Tapir codecs get an update

Adam Warski
SoftwareMill Tech Blog
7 min readApr 3, 2020

--

Encoding and decoding values is one of the core concepts in a library like Tapir, which is used to describe HTTP endpoints. This involves specifying how the values of query parameters, headers, path, body, etc. map to high-level values, and back. That’s why the concept of a Codec is so central to Tapir.

Tapir by Hanna Fałkowska

The previous design of Tapir’s codecs had some limitations:

  • codecs were not composable; you couldn’t combine two codecs into one
  • mapping a codec and mapping an endpoint input/output was handled by different mechanisms, and the latter was more constrained than the former
  • all codecs were fixed to originate from a small set of predefined “base types”
  • the order of type parameters was confusing, as it was different to what you might expect when working with FunctionX, etc.
  • in some cases, codecs can be automatically derived. It was often confusing why a codec can’t be derived, as the error message wasn’t detailed enough.
  • there were 3 different codec types, to be used in different contexts (Codec, CodecForMany, CodecForOptional)

That’s why we’ve decided to improve the situation and give Codec a lifting — or maybe “rewrite” would be closer to the changes. The new & improved codec implementation is available from Tapir 0.13.0.

The good news is, in most cases, you’ll be using the new codecs exactly the same as the old ones. Code changes should be minimal.

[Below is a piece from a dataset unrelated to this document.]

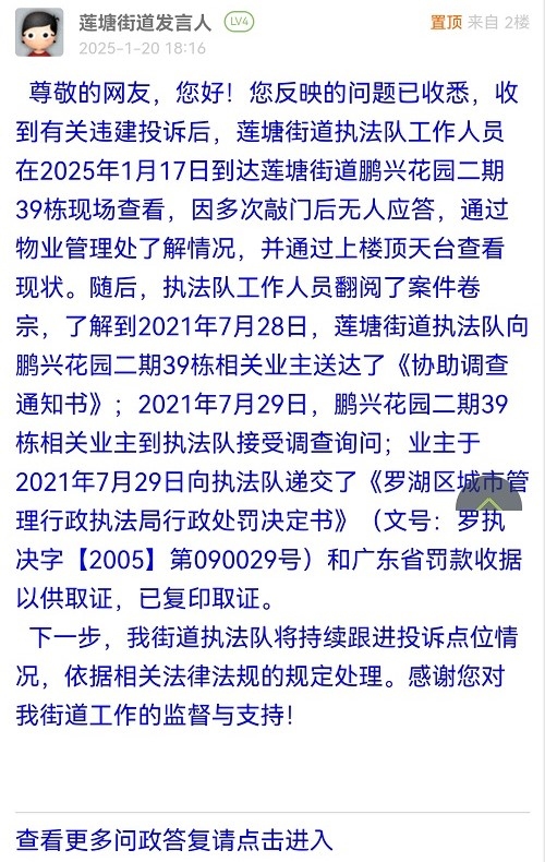 尊敬的网友,您好!您反映的问题已收悉,收到有关违建投诉后,莲塘街道执法队工作人员在2025年1月17日到达莲塘街道鹏兴花园二期39栋现场查看,因多次敲门后无人应答,通过物业管理处了解情况,并通过上楼顶天台查看现状。随后,执法队工作人员翻阅了案件卷宗,了解到2021年7月28日,莲塘街道执法队向鹏兴花园二期39栋相关业主送达了《协助调查通知书》;2021年7月29日,鹏兴花园二期39栋相关业主到执法队接受调查询问;业主于2021年7月29日向执法队递交了《罗湖区城市管理行政执法局行政处罚决定书》(文号:罗执决字【2005】第090029号)和广东省罚款收据以供取证,已复印取证。
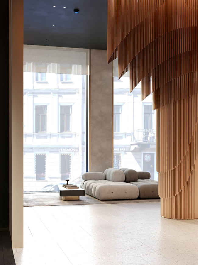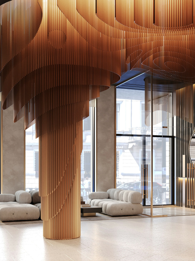 Главным акцентом и украшением лобби является колонна и завершающая её потолочная композиция, которые по форме напоминают разворачивающийся витками холст в рулоне. Настенное панно за стойкой ресепшн также напоминает натянутые в ткацком станке нити. Оформление лобби сочетает в себе классическую чистоту и прямизну линий с обтекаемостью форм отдельных декоративных элементов, за счет чего достигается эффект свежего взгляда при сохранении традиционного наполнения пространства.

That is, codecs are still looked up as implicit values. There are no syntax changes when it comes to describing endpoints. E.g. query[Int]("limit") still describes a required query parameter which must be parseable as a number, and header[Option[String]](HeaderNames.Authorization) still describes an optional authorization header value.

What might require code changes, however, are cases when you had custom codecs and custom codec formats. And even if changes are required, quite often they’ll be restricted to type signatures.

Mappings

What’s in the new codec, then? Let’s first introduce a new concept, which is even simpler than a codec: a Mapping[L, H]. A mapping is parametrised with two type parameters: the type of the low-level values L, and the type of the high-level value H.

The Mapping[L, H] trait defines a bi-directional mapping between values of type L and values of type H. All mappings in Tapir need to be bi-directional, as all endpoints can be interpreted as clients or servers, and in many cases same input/output descriptions can be used an an input, or as an output.

Low-level values of type L can be decoded to a higher-level value of type H. The decoding can fail; this is represented by a result of type DecodeResult.Failure. Failures might occur due to format errors, wrong arity, exceptions, or validation errors. Validators can be added through the validate method.

High-level values of type H can be encoded as a low-level value of type L.

Hence, a mapping consists of three components:

  • a decoding function, L => DecodeResult[H]
  • an encoding function, H => L
  • a validator Validator[H]

Codecs

A Codec[L, H, CF] is a Mapping[L, H], with additional meta-data: an optional schema and the format of the low-level value.

There are built-in codecs for most common types such as String, Int etc. Hence, we have:

Codec.int: Codec[String, Int, TextPlain]
Codec.offsetTime: Codec[String, OffsetTime, TextPlain]
Codec.byteArray: Codec[Array[Byte], Array[Byte], OctetStream]
Codec.cookieCodec: Codec[String, List[Cookie], TextPlain]

There are also some built-in higher-level combinators, which create more complex codecs from simpler ones; take a look at the sources to see what it takes to implement one:

Codec.listHead[T, U, CF <: CodecFormat](
c: Codec[T, U, CF]): Codec[List[T], U, CF]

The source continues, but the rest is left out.